可越是著急就越無所獲,背抵墻壁的姜馥邇反而在潮冷的巖壁上摸到一團黏糊糊的液體。

黑暗中,這液體仿佛帶著生命,正朝著驚慌失措的姜馥邇身上團聚。沒過一會她就被包圍在這團黏膩中,甚至被纏地緊,令她雙腳動憚不得。

姜馥邇呼吸都跟著弱了。

她在衣服上倉促擦凈雙手,不想沾染夢魘中的可怕液體。

可她越是如此,那詭異的粘汁就越發興奮,更加急促地層層向她靠攏凝集。

她只覺得身上的液體越來越多,將她牢固貼合在巖壁上,最後把她裹成了一個蠶蛹樣的繭,只露出個腦袋,。

面對死亡的威脅,姜馥邇自知無力再反抗。

她不知道等待自己的是何下場,只在黑暗裏瑟瑟發抖地閉上了眼,腦子裏全是黑衣人那些血肉黏連的樣子。

必死無疑的絕望讓她清晰地聽到腳下深崖傳來的動靜,這聲音急促又興奮,像是捕捉到獵物的狂喜。

就在她以為自己即將被吞噬,她背靠的巨石忽然一震,而後巨大的聲音伴隨著翻天覆地的旋轉,將她毫無準備地送進了一片寒冷刺骨的水潭。

沒做任何準備的姜馥邇拼命掙紮,心臟的跳動令她徘徊在窒息邊緣。

可隨著她沒什麽效果的賣力掙紮,原本將她捆綁牢固的粘液正在被水沖刷,這才讓她脫離捆綁的手腳逐漸打出水花。

她手忙腳亂去找水面。

黑暗中只能憋著口氣,摩挲著巖壁往猜測的方向游劃。
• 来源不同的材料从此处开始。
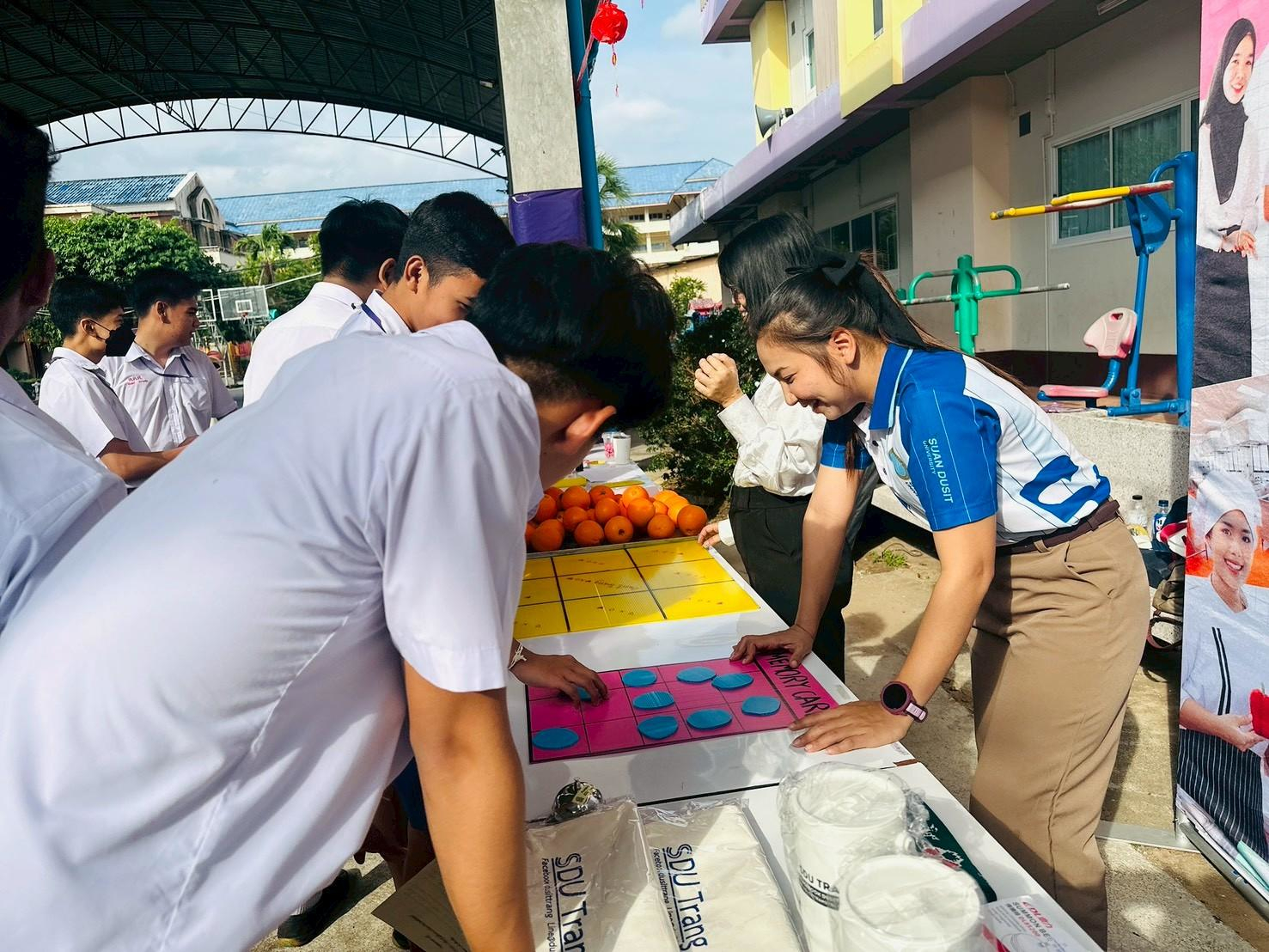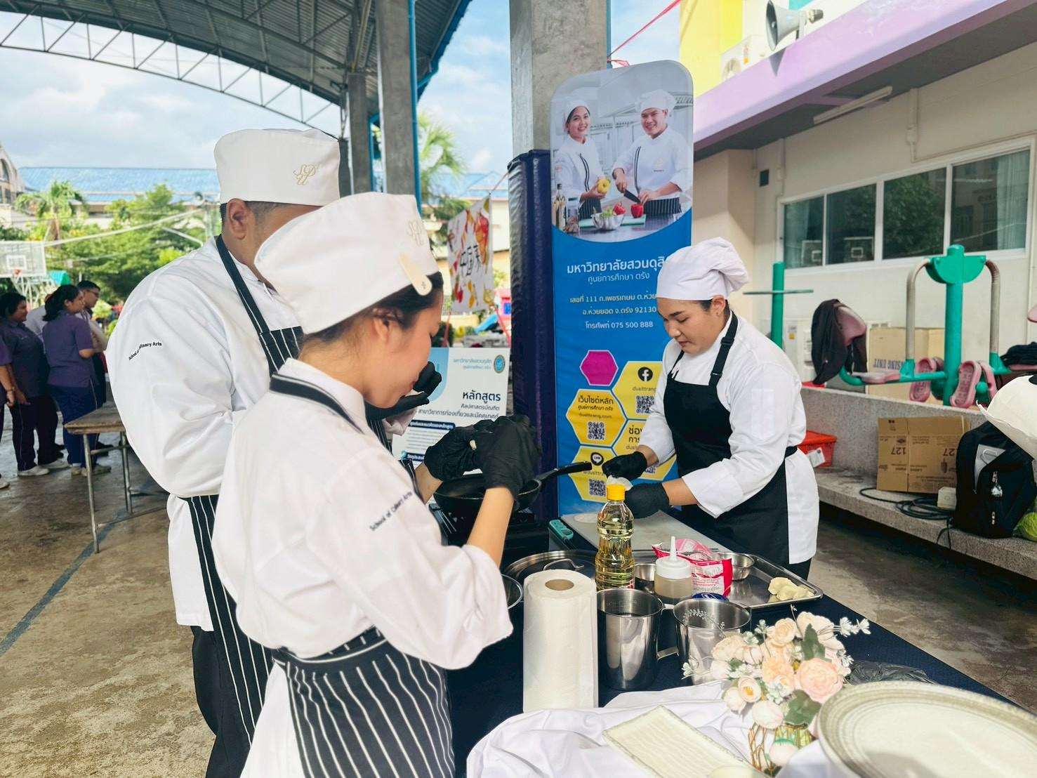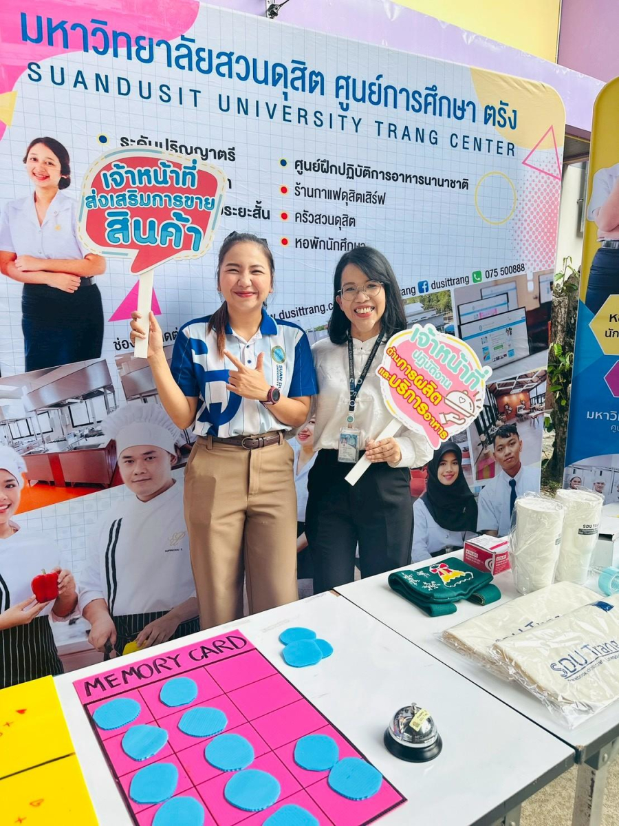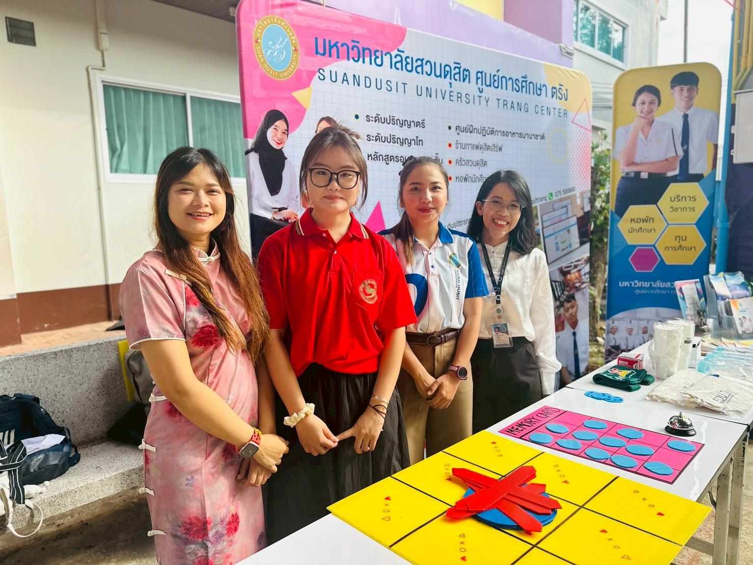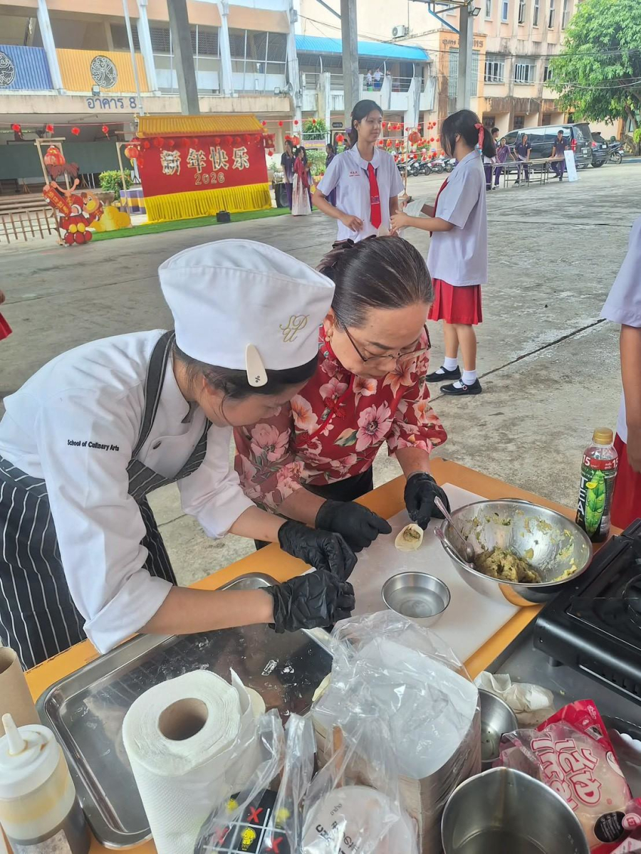 เมื่อวันที่ 16 กุมภาพันธ์ 2569 คณะบุคลากรและนักศึกษาสาขาวิชาเทคโนโลยีการประกอบอาหารและการบริการ มหาวิทยาลัยสวนดุสิต ศูนย์การศึกษา ตรัง ได้รับเชิญจากโรงเรียนตรังคริสเตียนศึกษา หมวดภาษาต่างประเทศ (ภาษาจีน) ร่วมจัดกิจกรรมเทศกาลตรุษจีน ประจำปี 2569 ภายใต้ชื่อ “เปิดโลกแห่งการเรียนรู้ สู่เส้นทางสายไหม จีน-ไทยสัมพันธ์” โดยมีการจัดกิจกรรม ฐานที่ 4 อาหารจีน (การทำเกี๊ยวจีน) ร่วมถ่ายทอดความรู้ด้านอาหารจีน การประดิษฐ์ซองอั่งเปา รวมถึง อาจารย์ Jiang Peng Qiao จากสถาบันขงจื่อ มหาวิทยาลัยสวนดุสิต สุพรรณบุรี ที่ร่วมกิจกรรมในครั้งนี้  และการประชาสัมพันธ์การรับสมัครนักศึกษาใหม่ระดับปริญญาตรี ประชาสัมพันธ์ผู้สนใจเข้าศึกษาระบบ Non-Degree และ Pre-Degree ของมหาวิทยาลัยสวนดุสิต ศูนย์การศึกษา ตรัง  โดยมีนักเรียนตั้งแต่ระดับ ประถมศึกษาปีที่ 1 ถึงมัธยมศึกษาปีที่ 6 ร่วมกิจกรรมได้สัมผัสและเข้าใจภาษาและวัฒนธรรมจีนอย่างลึกซึ้งยิ่งขึ้น

直到她聽見石頭打進水裏的咕嚕聲,才辨認出方向,賣力朝那聲音摸去。

可對水性的陌生還是讓她接連嗆了好幾口水,以至於一只手剛伸出水面,渾身的力氣就已消失殆盡,手臂更是功虧一簣地打了滑,重新沈入水中。

生死徘徊之際,她忽覺洩力的雙臂被一股溫熱的外力拉住,沒待她睜眼去辨就已被團動作迅敏的黑影拖著剝離了水面。